An integer (default = 3) specifying the number of groups. Ignored if block.sizes is provided; then K <- length(block.sizes).

prob.mat

A \(K\)-by-\(K\) symmetric matrix (default = NULL) specifying the Bernoulli rates. Element (i,j) gives the probability of creating an edge between vertices from groups i and j. If NULL, a matrix with within.prob on the diagonal and between.prob off-diagonal is used.

within.prob

A scalar in [0,1] (default = 0.25) specifying the probability of creating an edge between vertices within the same group. This argument is used only when prob.mat = NULL.

between.prob

A scalar in [0,1] (default = 0.05) specifying the probability of creating an edge between vertices from different groups. This argument is used only when prob.mat = NULL.

weight.mat

A \(p\)-by-\(p\) symmetric matrix (default = NULL) specifying the edge weights. If NULL, weights are generated block-wise according to weight.dists and weight.paras.

weight.dists

A list (default = list("gamma", "unif")) specifying the sampling distribution for each block of weights. Its length determines how the distributions are assigned:

  • length = 1: Same specification for all blocks.

  • length = 2: First for within-group blocks, second for between-group blocks.

  • length = \(K + K(K-1)/2\): Full specification for each block.
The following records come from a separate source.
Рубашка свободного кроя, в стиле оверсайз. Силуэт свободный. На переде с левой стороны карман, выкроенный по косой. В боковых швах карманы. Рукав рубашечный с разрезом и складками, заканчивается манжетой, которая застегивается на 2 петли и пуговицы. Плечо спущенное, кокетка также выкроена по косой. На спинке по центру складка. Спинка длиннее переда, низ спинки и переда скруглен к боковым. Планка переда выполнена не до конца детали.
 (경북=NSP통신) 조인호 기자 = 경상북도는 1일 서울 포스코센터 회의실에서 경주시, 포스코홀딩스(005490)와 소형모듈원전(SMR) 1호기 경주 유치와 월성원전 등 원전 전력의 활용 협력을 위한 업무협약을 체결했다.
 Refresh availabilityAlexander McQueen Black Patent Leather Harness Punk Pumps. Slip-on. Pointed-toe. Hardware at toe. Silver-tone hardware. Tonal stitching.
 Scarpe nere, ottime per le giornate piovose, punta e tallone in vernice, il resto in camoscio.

The first \(K\) elements correspond to within-group blocks with indices 1, ..., K, and the remaining \(K(K-1)/2\) elements correspond to between-group blocks ordered as (1,2), (1,3), ..., (1,K), (2,3), ..., (K-1,K).
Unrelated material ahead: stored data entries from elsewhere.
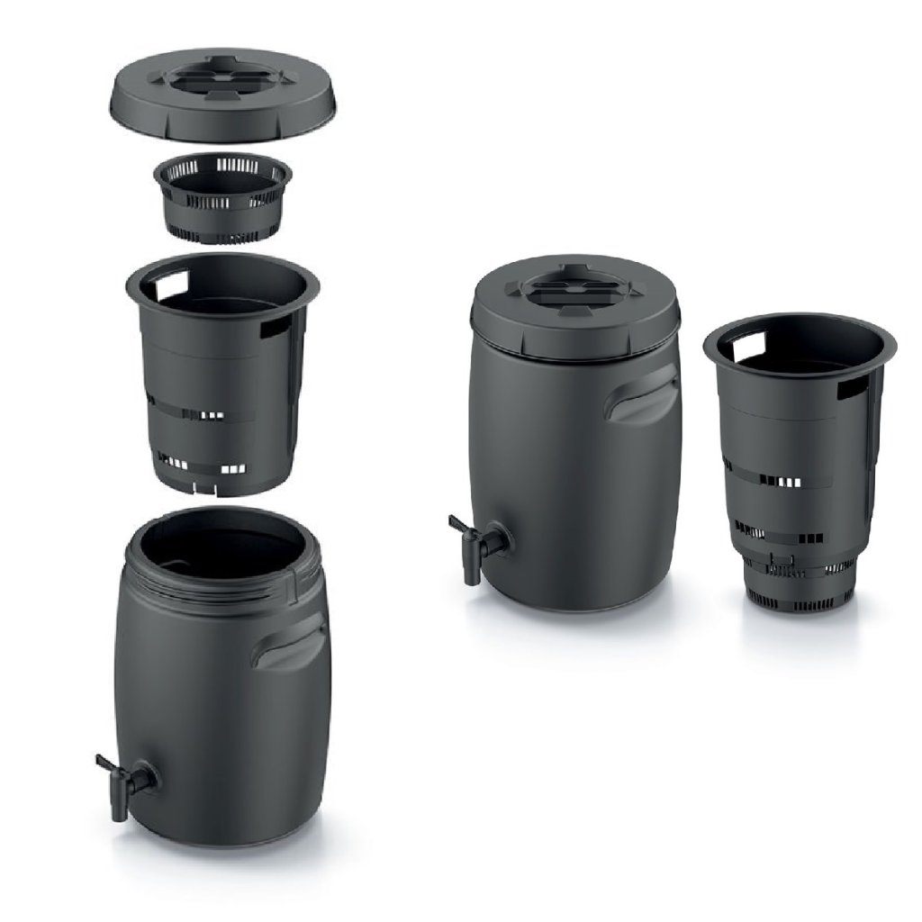 - Dvoukomorový systém: 55l sud s vodou + vyjímatelný filtr na organický materiál pro efektivní výrobu tekutého kompostu.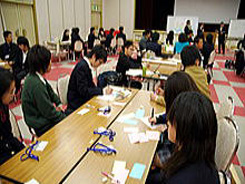 | 「グループ討議」 テーマ:『あなたなら100円で何を考えますか?』 三重大学の大学院生&大学生がグループリーダーとなって進行して、高校生たちの意見をまとめました。 |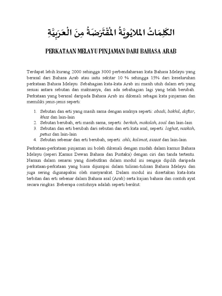 Pdf Kata Pinjaman Arab Dalam Bahasa Melayu Analisis Kajian Dari Sudut Perubahan Morfologi Arabic Loanwords In Malay Language Analytical Study Of Morphological Changes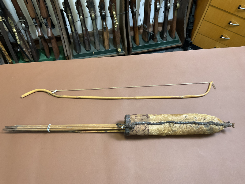 Bambus Pfeilbogen mit Lederköcher - Sammlerstück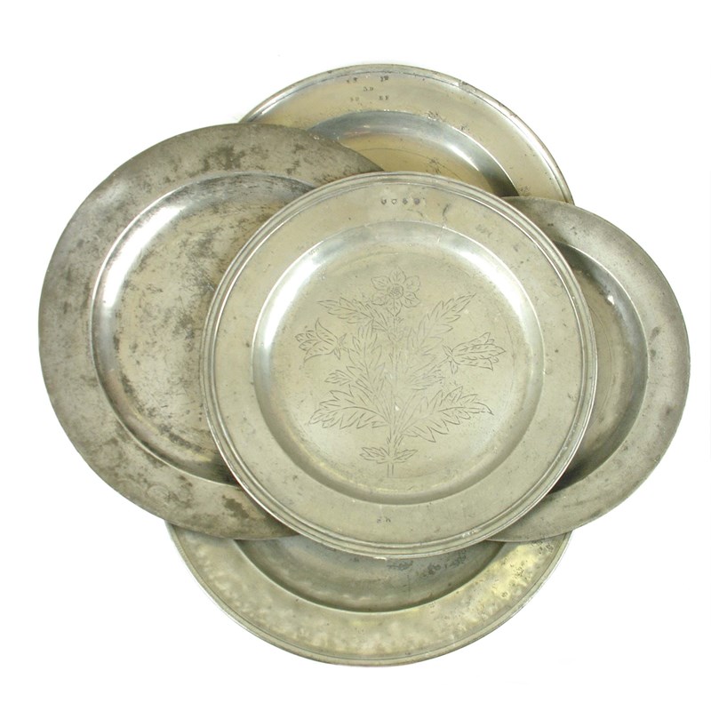 An 18th century pewter charger, decorated a floral design, worn touch marks, 16.5in (42cm) dia., three pewter chargers, 18in (46cm) dia., a smaller charger and a Victorian spouted pint measure. (5)

Each element of weight.dists can be:

  1. A string specifying the distribution family. Accepted distributions (base R samplers in parentheses) include:

    • "beta": Beta distribution (rbeta)

    • "cauchy": Cauchy distribution (rcauchy).

    • "chisq": Chi-squared distribution (rchisq).

    • "exp": Exponential distribution (rexp).

    • "f": F distribution (rf).

    • "gamma": Gamma distribution (rgamma).

    • "lnorm": Log normal distribution (rlnorm).

    • "norm": Normal distribution (rnorm).

    • "t": Student's t distribution (rt).

    • "unif": Uniform distribution (runif).

    • "weibull": Weibull distribution (rweibull).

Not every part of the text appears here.